Antropoceno y neoliberalismo

David Díaz Arias

De acuerdo con una anécdota, fue el químico neerlandés Paul J. Crutzen quien, durante un congreso internacional en Cuernavaca en 2000, reaccionó a un comentario en el panel y gritó que ya no vivíamos en el Holoceno, sino en el Antropoceno.[1] Eso que ocurrió apenas hace unos cuantos lustros llevó a una discusión que se ha vuelto tremendamente importante en la década de 2020, porque la alerta por el futuro inmediato del planeta se activó y queda muy poco tiempo para evitar que la Tierra colapse y que la humanidad lo haga con ella. Así lo señaló Rajendra Pachauri, en 2014, The Fifth Assessment Report (AR5) of the Intergovernmental Panel on Climate Change (IPCC), cuando indicó: “Si el mundo no hace nada para mitigar las emisiones de gases invernadero y el cambio climático continúa incrementando, no hay duda de que la estabilidad de los sistemas humanos estaría en entredicho”.[2]

Por lo anterior, algunos investigadores han identificado al Antropoceno como “una grieta antropogénica” en la historia de este planeta. Otros no están del todo convencidos con el concepto, pues observan en él un acento en la carga de negatividad que lleva a medidas de autocomplacencia con las que supuestamente se combaten individualmente los efectos del Antropoceno y que dejan de lado la lucha real que involucra enfrentar el modelo de explotación ambiental y humana que ha impuesto el neoliberalismo global.

Esta situación es todavía más inminente en la medida en que el sistema capitalista global pone en duda la consciencia y la racionalidad del ser humano, pero también su honestidad.

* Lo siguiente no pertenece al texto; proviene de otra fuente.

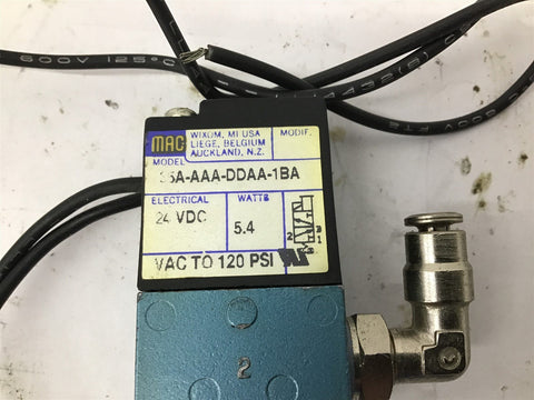 Mac 35A-AAA-DDAA-1BA 24 V DC 5.4 Watts Solenoid Valve Return Policy Returns accepted within 30 days. Items sold as is cannot be returned, unless description is in error. Buyer pays return freight. Shipping Policy We ship almost all items with 1 business day of cleared payment. We ship USPS and UPS. We can ship on your account. If you will be shipping freight, please be sure to provide all delivery contact information including a phone number. We will need to know if you have a fork lift or dock.

Cicerón, en su obra De Oficiis, Libro iii, Capítulo xii, cuenta la anécdota de un comerciante de Rodas que llega a Alejandría en medio de una carestía con un barco lleno de trigo; él sabe que, a unos días de él, llegarán otros barcos con más trigo, por lo que entra en duda sobre si informar al respecto o no decir nada y vender su trigo a un precio exorbitante. ¿Qué decisión debería haber tomado ese comerciante? Diógenes y Antípatro se dividieron frente a la respuesta, así como lo hicieron otros filósofos en los siguientes siglos.[3] En la actualidad, sin embargo, no habría duda sobre el accionar de los empresarios y las élites neoliberales, para quienes la ética no es parte del juego que involucra el capitalismo global. Branko Malanovic lo ha dejado claro al argumentar que los miembros de la clase dirigente neoliberal tienen una visión amoral de la vida, por lo que todo lo que permita, en los límites de la ley, mantener y reforzar su poder y sus ventajas les parece deseable.[4] Su ética se define por el sistema legal, y eso incluye usar su dinero para cambiar las leyes.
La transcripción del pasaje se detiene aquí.